8. A method comprising

receiving a program stream with video packets and audio packets, the audio packets comprising at least a first language and a second language;

substantially simultaneously processing the audio packets comprising the first language and the audio packets comprising the second language to separate the audio packets into a first audio stream of the first language for use by a first user and a second audio stream of the second language for use by a second user; and

outputting the first audio stream and the second audio stream substantially simultaneously and synchronously with the video packets, the first audio stream associated with a primary video stream of a picture in picture screen and the second audio stream associated with a secondary video stream of the picture in picture screen.

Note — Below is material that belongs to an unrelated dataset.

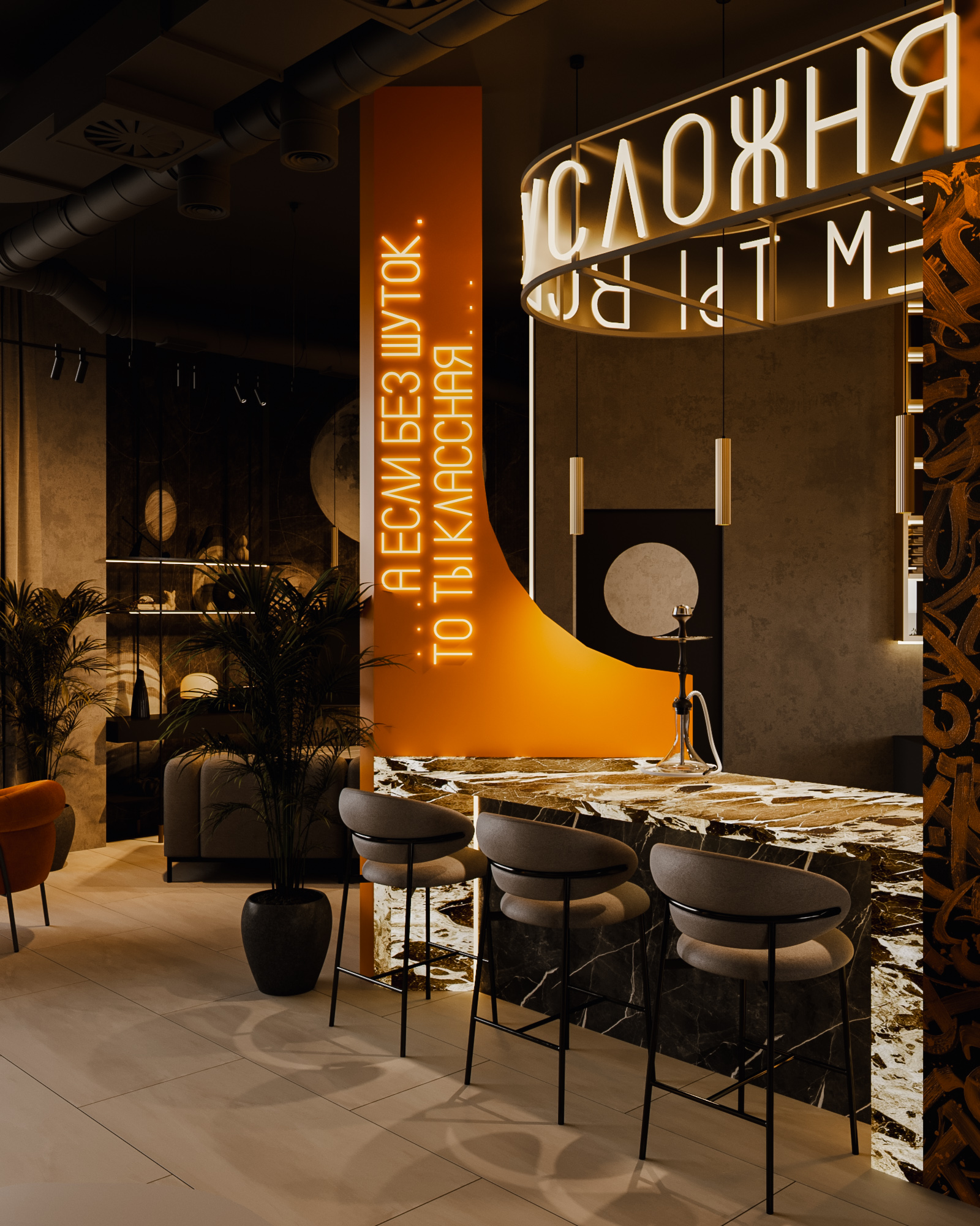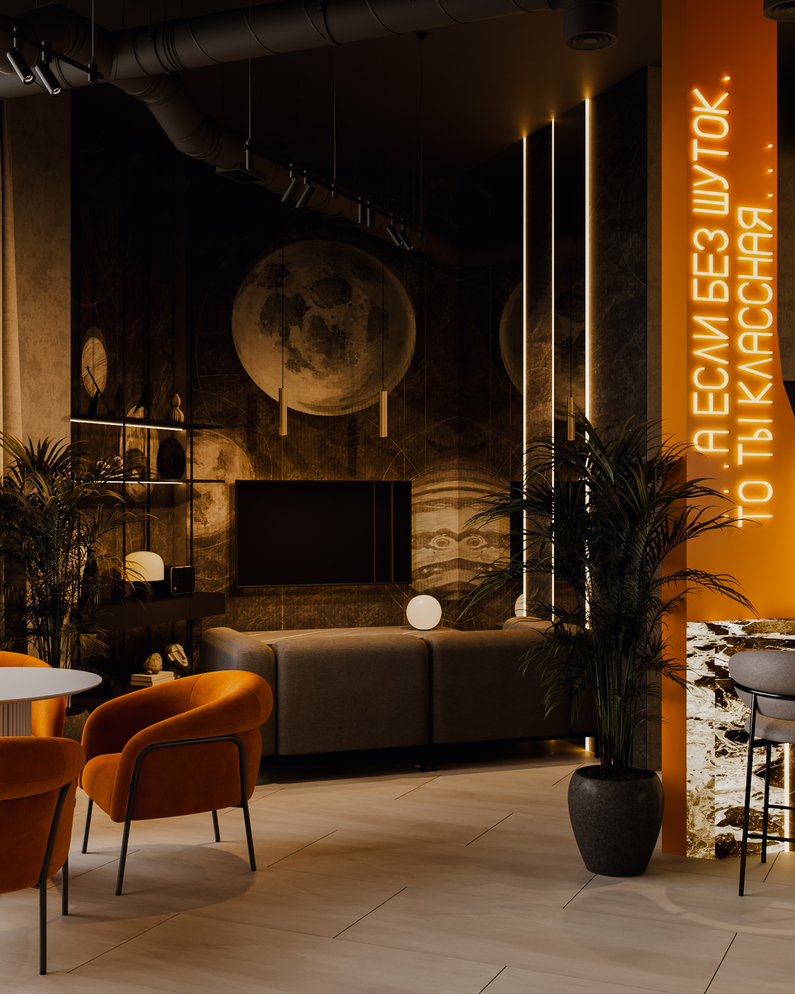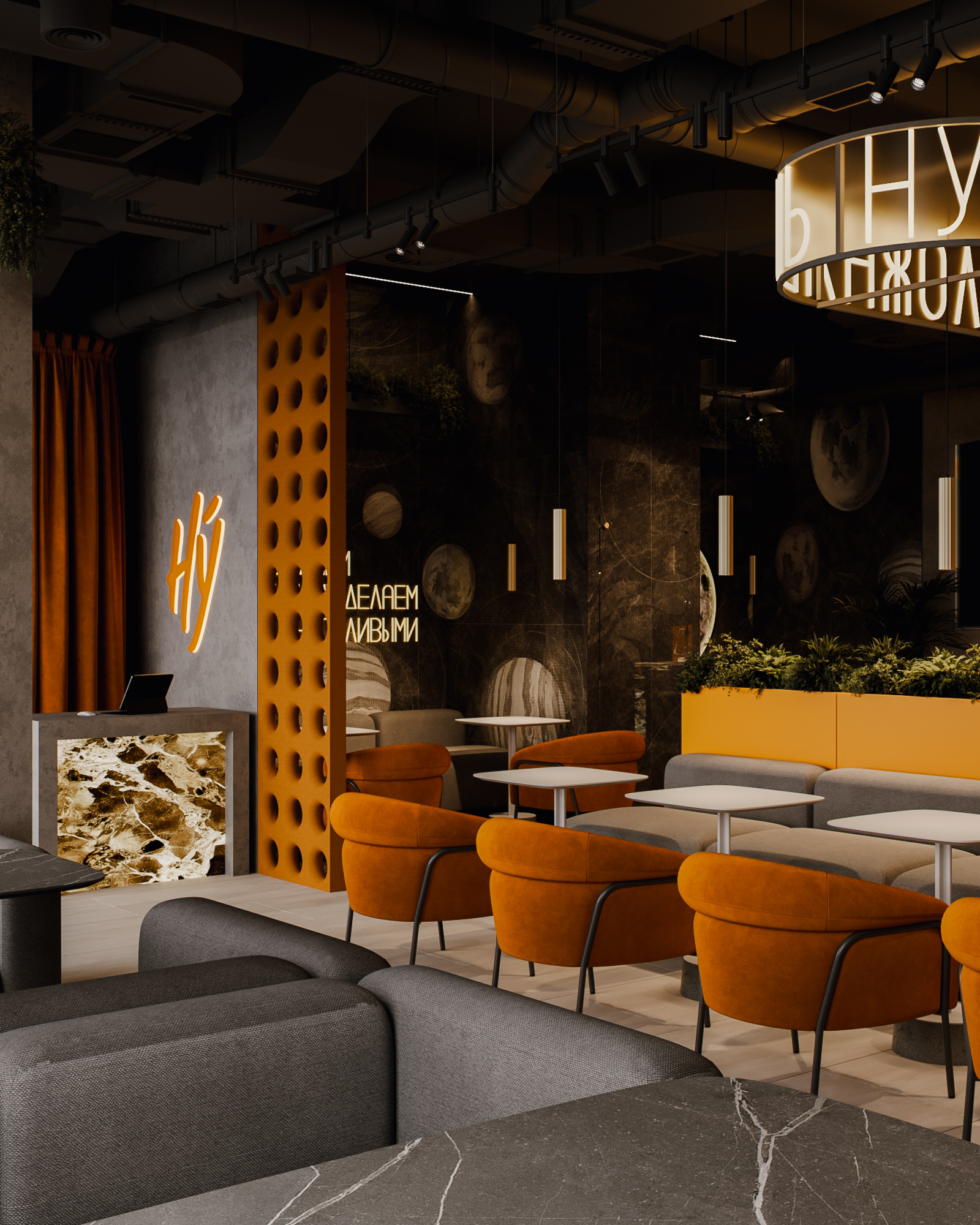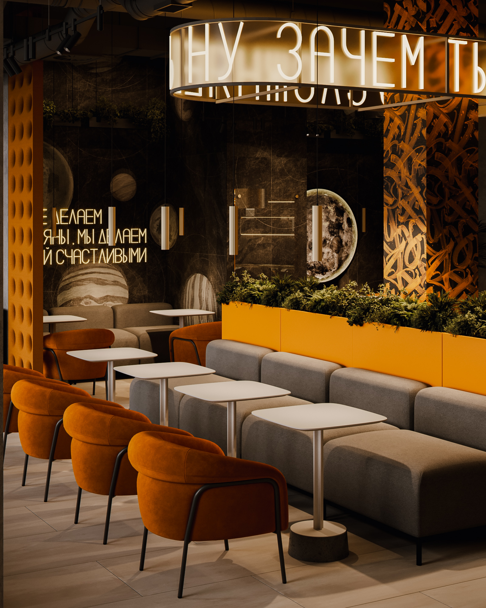 Центральные зоны построены вокруг длинных диванных групп и круглых кресел, создающих комфортный, расслабленный сценарий пребывания. Неоновые фразы бренда, графические панели с планетами и декоративные световые элементы формируют запоминаемый образ и создают узнаваемый визуальный код. Барная часть выполнена как монолит с выразительной текстурой камня и интегрированной подсветкой.

9. The method of claim 8, further comprising outputting the first audio stream on a primary audio system and outputting the second audio stream through a wireless medium.

10. (canceled)

11. (canceled)

12. The method of claim 11, wherein the audio packets comprising the primary language are muted while the audio packets comprising the secondary language are broadcast.

13. A system comprising

means for receiving a program stream with video packets and audio packets, the audio packets comprising at least a first language and a second language;

means for substantially simultaneously processing the audio packets comprising the first language and the audio packets comprising the second language; and

means for outputting the audio packets comprising the first language for use by a first user and the audio packets comprising the second language for use for use by a second user, the audio packets comprising the first language and the audio packets comprising the second language being output substantially simultaneously and synchronously with the video packets, the audio packets comprising the first language being associated with a primary video stream of a picture in picture screen and the audio packets comprising the second language being associated with a secondary video stream of the picture in picture screen.

14. The system of claim 13, further comprising means for outputting the audio packets comprising the first language on a primary audio system.

15. The system of claim 13, further comprising means for outputting the audio packets comprising the second language through a wireless medium.

16. (canceled)

17. (canceled)

18. The system of claim 17, further comprising means for muting the packets comprising the primary language while the audio packets comprising the secondary language are broadcast.

19. The system of claim 13, wherein the audio packets comprise at least a third language.

20. The system of claim 19, further comprising means for associating the audio packets comprising the third language with a primary video stream of a picture in picture screen.